Carol (Missy) Cohen MPH, CHHC

Juicing versus Blending

Juicing versus Blending

What is better – juicing or blending? This is a question that is much debated in the wellness community and, I have to admit, one that I have gone back and forth a few times for my own personal health.

Generally for day-to-day intake, I am much more likely to recommend “blending” to clients vs. juicing of vegetables and fruits.  There is a great advantage in benefiting from the entire spectrum of nutrition found in an apple or a stalk of broccoli, including the fiber and fiber-bound nutrients such as minerals.  Fiber is critical for maintaining gastrointestinal health and is a key source of nourishment for the beneficial microbes there which balance our immune system, nurture the intestinal mucosal lining, and help to escort toxins out of the body.

Juicing of produce, however, can be an excellent choice for individuals who cannot currently handle excessive fiber intake (e.g. IBS, diverticulitis, inflammatory bowel disease).  Obviously these individual still need – and perhaps even more so – nutrition from plant foods.  I have also heavily recommended juicing to individuals whose appetite is highly suppressed due to medical treatment or medication (e.g. cancer patients) and who need to benefit from nutrient-loading at the same time.  Juicing can also be a good choice for individuals who are not yet willing to consume much whole-food plant nutrition (e.g. disliking the taste or texture).  It can take time for taste buds to acclimate to a wider array of more vegetal or bitter (especially in the case of crucifers) flavors in vegetables.

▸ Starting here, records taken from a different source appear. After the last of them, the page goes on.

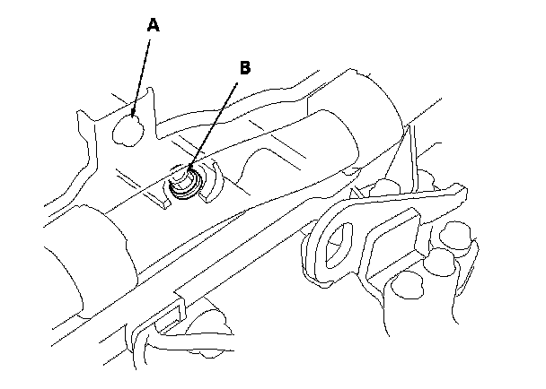 6. Connect the oil pressure gauge to the line pressure inspection port (A). Do not allow dust or other foreign particles to enter the hole while connecting the gauge.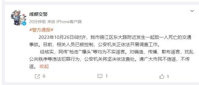 2023年10月26日8时许,我市锦江区东大路附近发生一起致一人死亡的交通事故。目前,相关人员已被控制,公安机关正依法开展调查工作。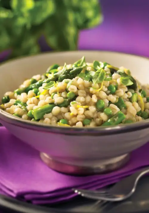 Combine the bright flavors of lemon, basil, and asparagus with the earthiness of barley and onions.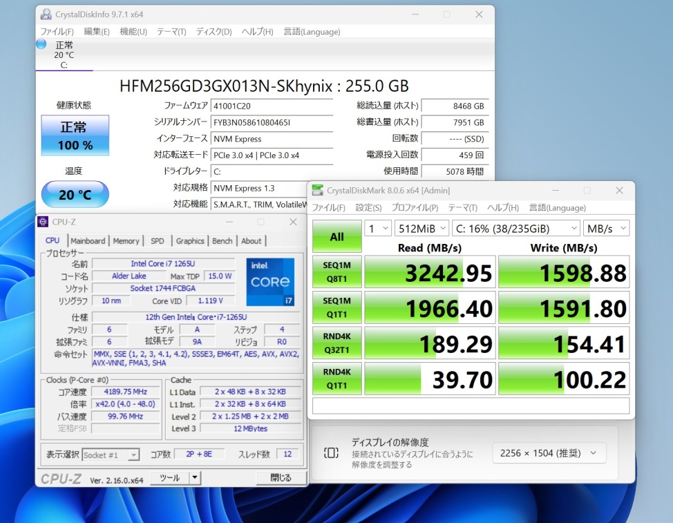 CPU:    超高速 Intel 10コア 卓越性能 第12世代Core i7-1265U 1.8Ghz、 10コア12スレッド (ターボ・ブースト利用時の最大周波数 4.8GHz)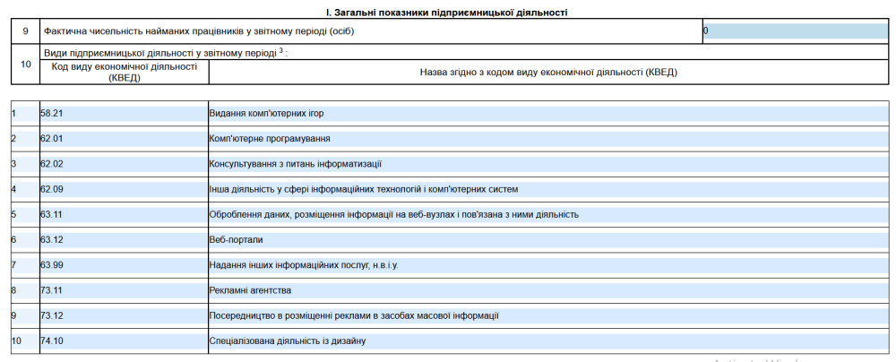 Далі переходимо до рядка 9 — «Фактична чисельність найманих працівників у звітному періоді (осіб)». Якщо працівників немає — вказуємо 0, адже ФОП сам для себе працівником не є.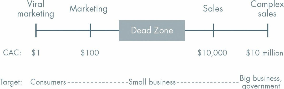It might seem premature to think about unit economics at this point but ignoring it can be fatal. As Peter Thiel called out in Zero to One, you want your customer acquisition cost (CAC) to be significantly lower than your customer life-time value (LTV). Otherwise, you risk falling into the ‘Dead Zone’ where you can’t acquire new customers profitably. He explains a simplified version as follows: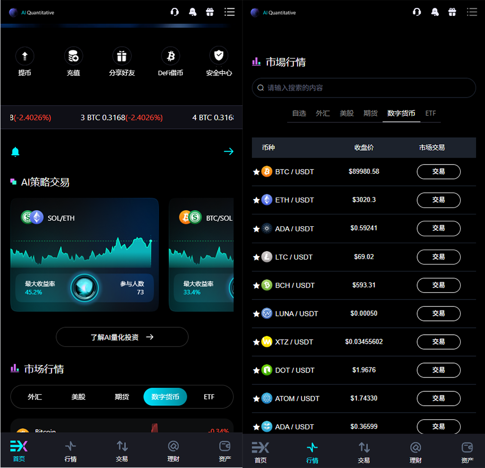 系统特点关键词:虚拟币外汇期货股票、AI量化、跟单组合理财、DEFI、策略等...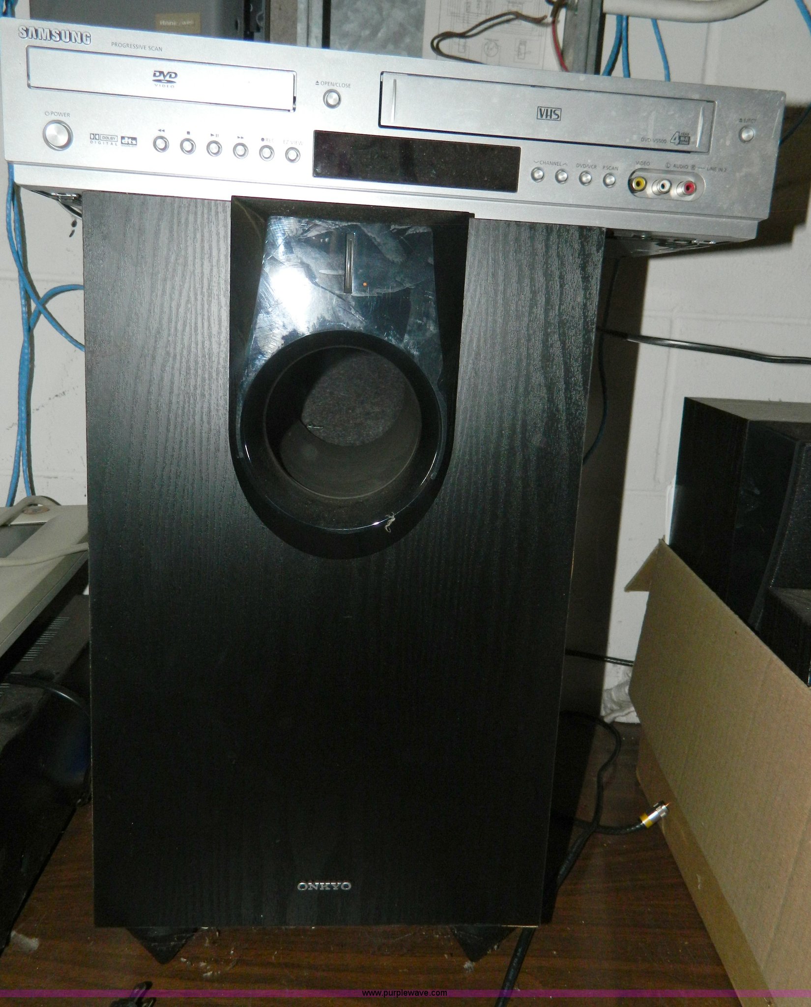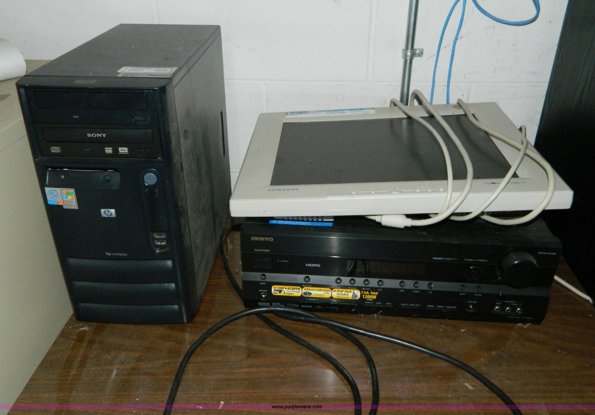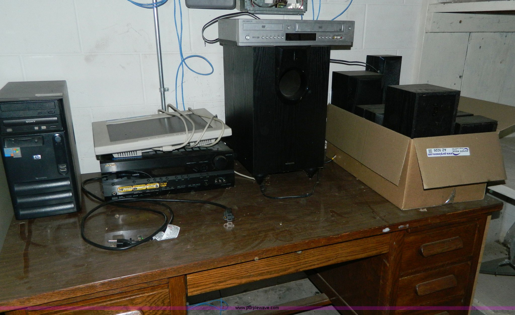 Purple Wave is selling a used Electronics in Kansas. This item is a Assorted items with the following: Onkyo DVD/VHS tuner, Sony HP CPU, Samsung DVD/VHS player, Samsung monitor, Assorted speakers, Desk not included

I do believe that juicing can be an effective way to boost plant-based nutrition for a short period of time. It Increases the cellular alkalinity (via overall higher intake of potassium in particular) and can indeed help with toxin release.  Many individuals, however, are vulnerable to the high sugar intake of juices that contain too much fruit, especially those who are overweight or who have insulin resistance or a high risk of Type 2 diabetes).  For this reason, I only recommend vegetable juice with a small amount of fruit added (e.g. one green apple) or a few extra carrots (whose juice is quite sweet) to help to balance the flavor.

Personally, I add juicing into my normal whole food diet when I feel like my immune system is struggling or I feel like a vitamin boost would serve me well. Mainly these are times when my energy is low, I am not sleeping as well as I am used to or I am struggling with my mood. Even when I do add juicing to my regimen, I do so early in the morning prior to eating any whole foods so that the digestion of any vitamins that I am putting into my body is not slowed down.

The long and the short of it is that I use juicing as a vitamin supplement and not as an alternative to other ways of nourishing my body.